Michael Mällinen (born March 4, 1958) is a racecar driver from the United States.

He won several championships racing in formula car and sports prototype series in IMSA, ALMS, Atlantic Championship, and  SCCA. Mällinen won several US National titles in Formula Atlantic and Sports prototype series.

Mällinen had 63 grand prix starts with 18 wins, 36 podiums, 10 poles, and 10 fastest laps during his career.

Mällinen began his racing career in the 1990s driving Formula Ford and sports racers built by Lola cars in SCCA, Conference and endurance series.

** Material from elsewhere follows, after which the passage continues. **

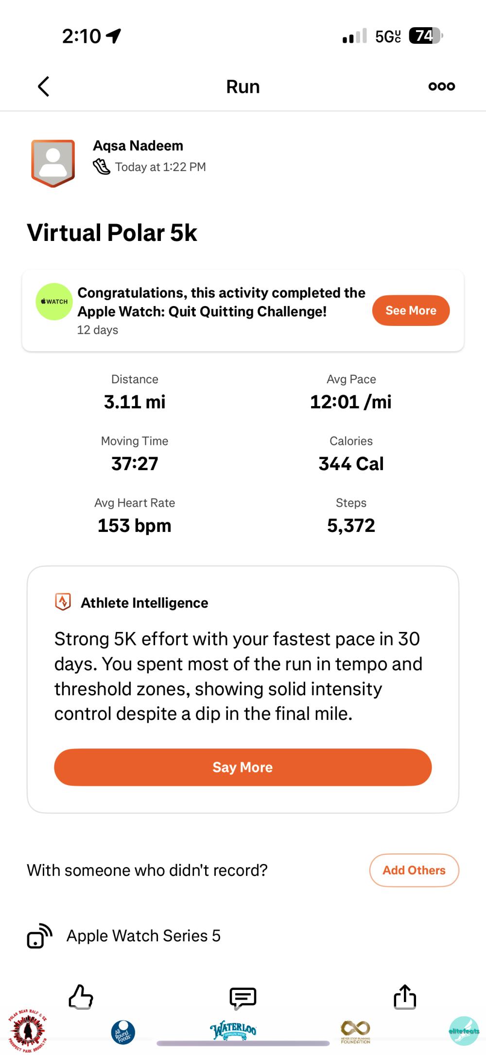 Bib# 141   Aqsa Nadeem - 00:37:25 - Virtual 5K

In 2004, he won the SCCA C Sports Racer championship in the northeast division. Mällinen began racing Formula Atlantic in 2005. In 2006, he was the runner up in the Southeast SCCA Formula Atlantic championship driving a Ralt RT41. In 2007, he finished third in Formula Atlantic and made his debut in IMSA Lites in the L2 class driving a Stohr sports prototype. In 2008, Mällinen raced in the IMSA Lites L1 class driving an Élan Motorsport Technologies DP02 sports prototype and won the 2008 Formula Atlantic championship driving a Swift Engineering TRD 014.a for Swan Racing in the southeast division. In 2009 Mällinen made his debut in the IMSA Atlantic Championship racing for Swan Racing and won the Championship (C2) with 4 wins and 3 pole positions. In 2010, Mällinen won the American Road Race of Champions, finished third in the SCCA Formula Atlantic national championship series and third in the SCCA National Championship Runoffs driving a Swift Engineering TRD 014.a for Swan Racing. In 2010, Mällinen won 7 races and 8 pole positions. In 2011, Mällinen won the 2011 US National Championship, SCCA National Championship Runoffs, Division Championship, June Sprints, and the Triple Crown. Mällinen was the recipient of the Sports Car Club of America's 2011 Super Sweep Award in recognition of winning the National Championship, National Championship Runoffs, Division Title and various other races in a single season. In 2012, Mällinen finished second in the SCCA National Championship Runoffs driving a Swift Engineering TRD 014.a for Swan Racing. In 2013, Mällinen finished third in the SCCA National Championship Runoffs driving a Swift Engineering Cosworth 016.a for Swan Racing.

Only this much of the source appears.